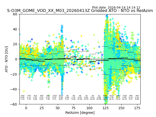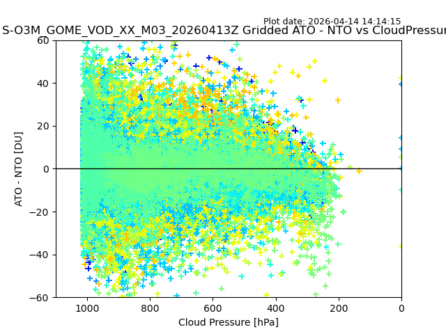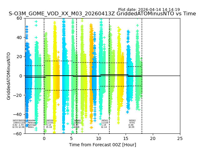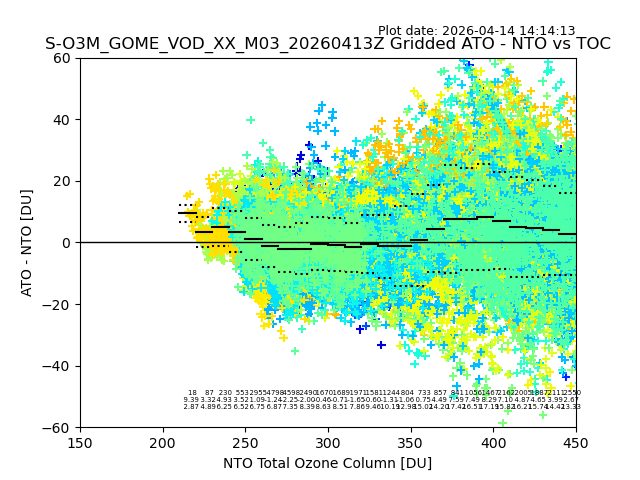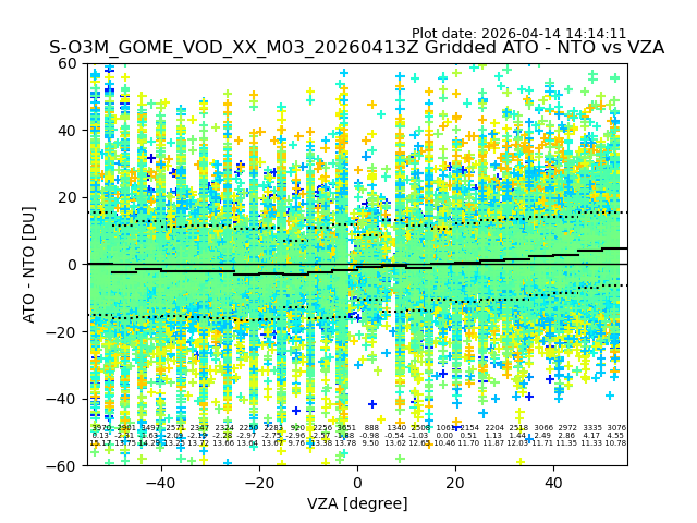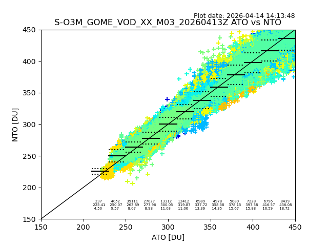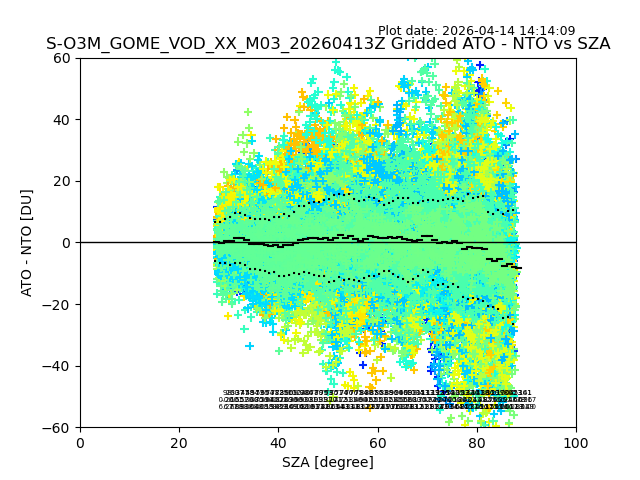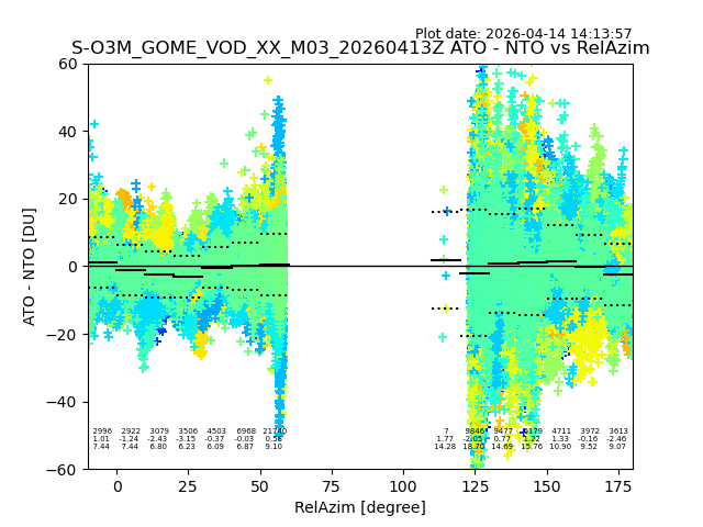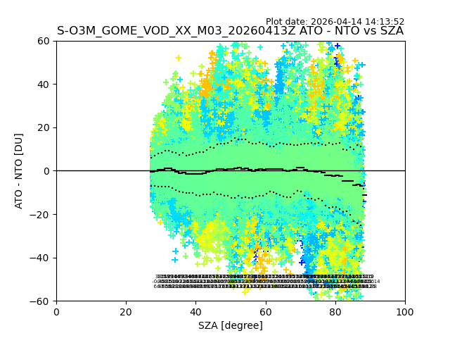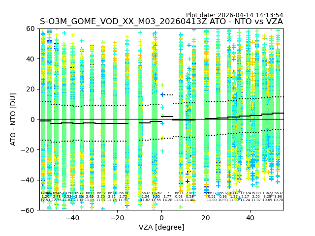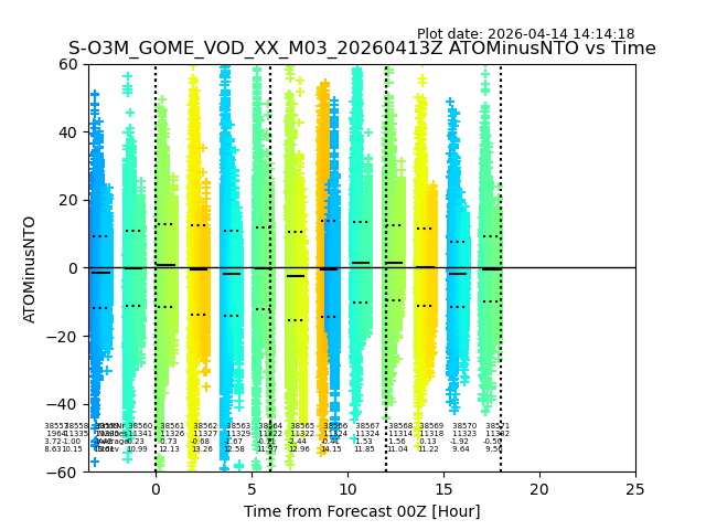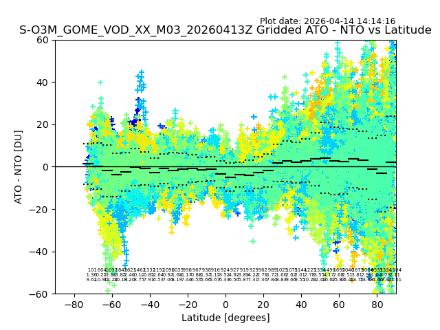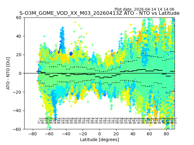 The date given in the title of the plot indicates the T=0 day for which the NTO/O3 data is compared. Example: S-O3M_GOME_VOD__M02_20110117Z indicates that the plot is for data from 2011-01-17 00:00 up NTO/O3 files starting at 2011-01-17 23:59 is used.
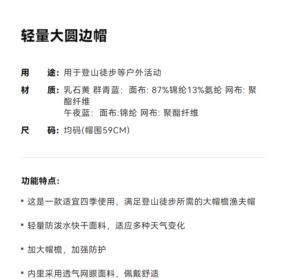 KAILAS凯乐石 大圆边帽 KF2521201【Z】
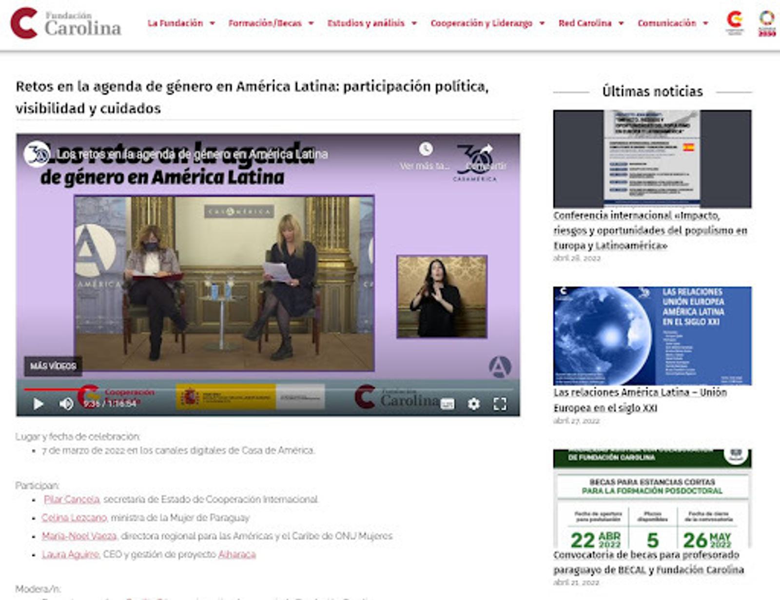 Webinar de la Fundación Carolina por el 8 de marzo. Fuente: Página web de la Fundación Carolina.

◆ What the task asks:
Reproduce the lines from the one with "KAILAS凯乐石 大圆边帽 KF2521201【Z】" through the end of the data, keeping both end lines, adding nothing, and dropping any pictures.

◆ Expected output:
 KAILAS凯乐石 大圆边帽 KF2521201【Z】
 Webinar de la Fundación Carolina por el 8 de marzo. Fuente: Página web de la Fundación Carolina.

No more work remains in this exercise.